Two stories coming out soon-ish: one later this month, I think, with Club Chicxulub and one in the early new year in a very cool new magazine. Fingers crossed I land another one or two before the year’s end?
Voyage Into Genre also rolls on: we’ve got two more episodes to come this season, both spooky, both amazing. Plus, rumor has it we might be making an appearance at NYCC……

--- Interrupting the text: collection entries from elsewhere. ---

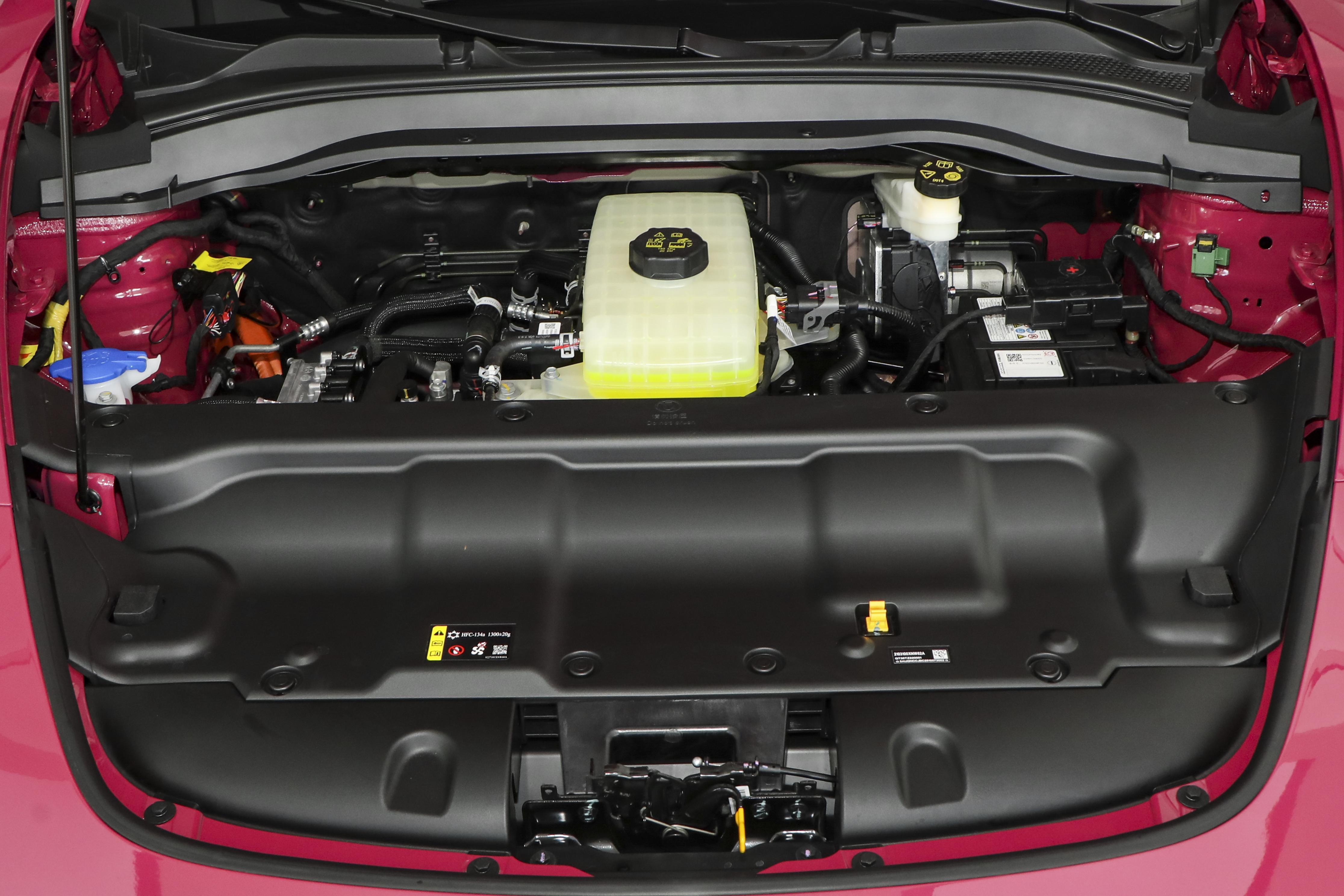 前大灯圆形头灯像猫咪的眼睛,灵动又可爱,设计捕捉“水滴悬于叶尖、将坠未坠的那一刹那”,内部采用LED灯珠与D60高性能透镜,远光照射距离可达170米;车头盖上有两条隆起的筋线,给可爱的样子添了一点肌肉感。
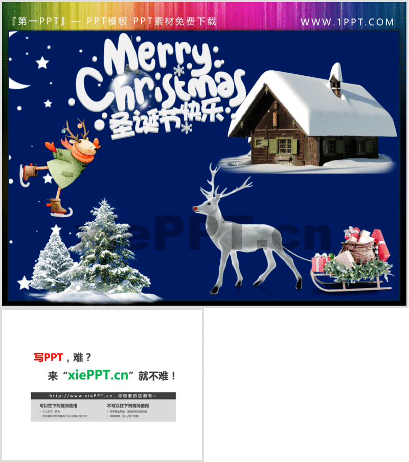 Merry Christmas雪屋馴鹿雪松圣誕節(jié)PPT素材
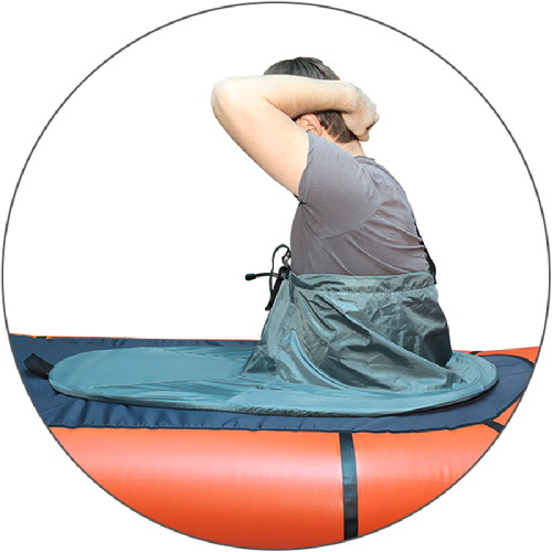 Юбка защищает от попадания брызг и воды внутрь пакрафта. Быстро устанавливается, даже если Вы в пакрафте на воде. Оснащена подтяжками, которые удерживают её на гребце даже во время переворота, не стесняя движений. Регулируется под любой размер талии с помощью фиксатора.
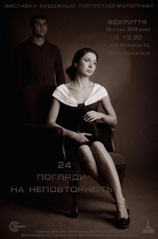 Ця виставка - творча бесіда з митцями фотографії Івано-Франківська.Влітку 2017 року сумський фотопленер "Перекотиполе 2017" розпочинався виставкою фотохудожників Прикарпаття. Домовленістю було обговорено наявність безумовного творчого візиту у відповідьЗ часів античності філософи відображали у своїх уявленнях людину, як "мікрокосм". Тобто, розуміли її як Всесвіт в мініатюрі. Це всесвіти з таємницями різноманіття та особливостями поведінки, притаманними тільки цим характерам.24 погляди на суть таких особистостей - це 24 сумських авторів, які взяли участь у виставці. Ви побачите роботи створені в різні роки, як молодими фотохудожниками Сумщини, так і визнаними майстрами. Роботи виконані в різних манерах, які відображають внутрішні вподобання авторів. Це ті переваги відображень, які дозволяють найбільше, на їх погляд, зрозуміти характер та внутрішній світ особистостей, що зацікавили фотографів.Як відомо, двох однакових людей не знайдеш. Тому, митця завжди приваблює тема індивідуальності особи, відповідність зовнішнього внутрішньому та навпаки. Авторське бачення цих гармоній допомагає показати людину, як творця унікального життєвого шляху, носія багатогранної неповторності. Автори, що взяли участь у виставці (абетка):Алмазова Олена, Бершов Валерій, Бугаєнко Сергій, Виноградова Наталія, Говорухіна Наталія, Горбаченко Олександр, Дериземля Анатолій, Дядюра Валерій, Зубченко Дмитро, Кармазіна Наталія, Ковальова Наталія, Колесніков Сергій, Краснянський Сергій, Курта Аркадій, Литвиненко Аліна, Малюк Сергій, Миколенко Олександр, Ройченко Ігор, Сагалаєв Олександр, Тимошенко Вікторія, Хвостик Володимир, Чепульський Сергій, Чичерін Михайло, Шипіцин Євген

I know this is burying the lede a bit but… I got a new job. After three years at The Golden Notebook bookstore in Woodstock, I’m heading up the road to Kingston to step in as bookstore manager at Rough Draft Bar & Books. I’m of course a little sad to leave the cozy confines of TGN but so excited for the possibilities at Rough Draft—come see me, I’ll be in the store five days a week, we can get coffee, I’ll sell you a book or three!
Alright, well, as this year’s palate-setter implied, there’s lots going on and I feel a bit insane about it all… but so it is, in this time of human existence, I think. Try to take a deep breath and I’ll try to do the same. See you before year’s end, I’m sure.